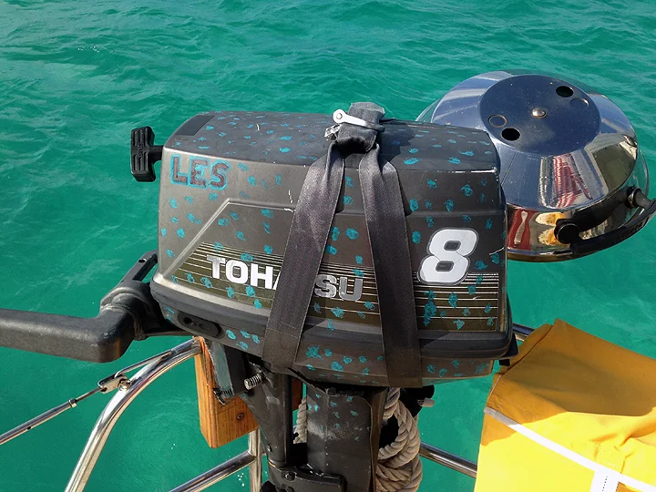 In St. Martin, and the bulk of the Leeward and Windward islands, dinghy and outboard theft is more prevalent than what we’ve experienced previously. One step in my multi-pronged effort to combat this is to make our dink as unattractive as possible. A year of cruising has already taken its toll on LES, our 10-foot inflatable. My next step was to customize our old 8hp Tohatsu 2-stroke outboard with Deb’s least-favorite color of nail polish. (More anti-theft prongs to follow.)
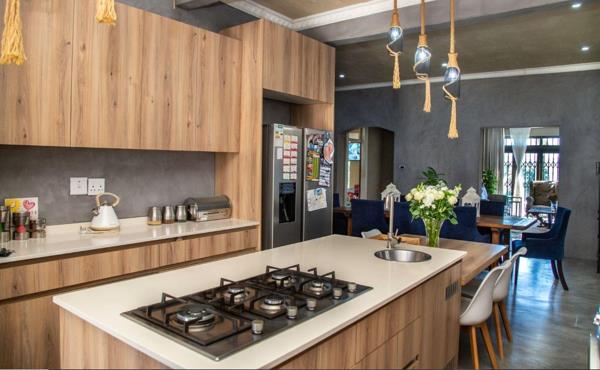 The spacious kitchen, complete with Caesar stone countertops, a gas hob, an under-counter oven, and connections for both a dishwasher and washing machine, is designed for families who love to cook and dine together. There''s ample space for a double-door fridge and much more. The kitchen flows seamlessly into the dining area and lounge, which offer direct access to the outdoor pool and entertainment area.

• • • •

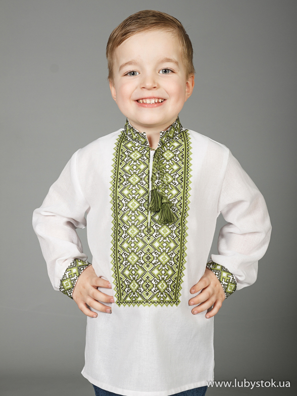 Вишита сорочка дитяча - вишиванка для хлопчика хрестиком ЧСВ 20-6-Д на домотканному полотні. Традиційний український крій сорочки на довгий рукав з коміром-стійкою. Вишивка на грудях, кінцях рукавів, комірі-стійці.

• • • •

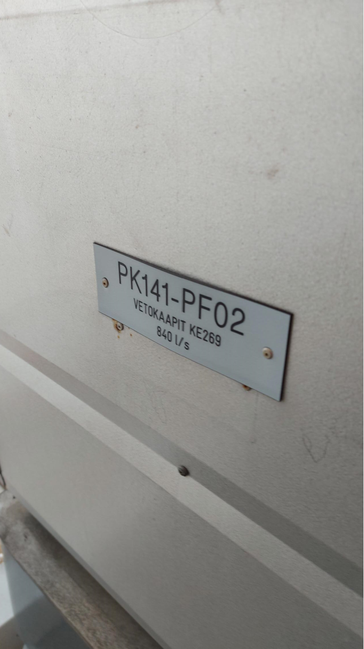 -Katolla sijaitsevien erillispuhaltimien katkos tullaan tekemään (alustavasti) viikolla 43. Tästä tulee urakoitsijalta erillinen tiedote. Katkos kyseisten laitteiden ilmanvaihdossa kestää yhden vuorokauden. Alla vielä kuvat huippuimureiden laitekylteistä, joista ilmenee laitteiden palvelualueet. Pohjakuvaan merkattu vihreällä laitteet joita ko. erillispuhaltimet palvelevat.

• • • •

### Problem
From the records above, transcribe only the stretch from the line with "In St. Martin, and" through the line with "The spacious kitchen, complete", keeping both ends. Omit pictures.

### Solution for this problem
 In St. Martin, and the bulk of the Leeward and Windward islands, dinghy and outboard theft is more prevalent than what we’ve experienced previously. One step in my multi-pronged effort to combat this is to make our dink as unattractive as possible. A year of cruising has already taken its toll on LES, our 10-foot inflatable. My next step was to customize our old 8hp Tohatsu 2-stroke outboard with Deb’s least-favorite color of nail polish. (More anti-theft prongs to follow.)
 The spacious kitchen, complete with Caesar stone countertops, a gas hob, an under-counter oven, and connections for both a dishwasher and washing machine, is designed for families who love to cook and dine together. There''s ample space for a double-door fridge and much more. The kitchen flows seamlessly into the dining area and lounge, which offer direct access to the outdoor pool and entertainment area.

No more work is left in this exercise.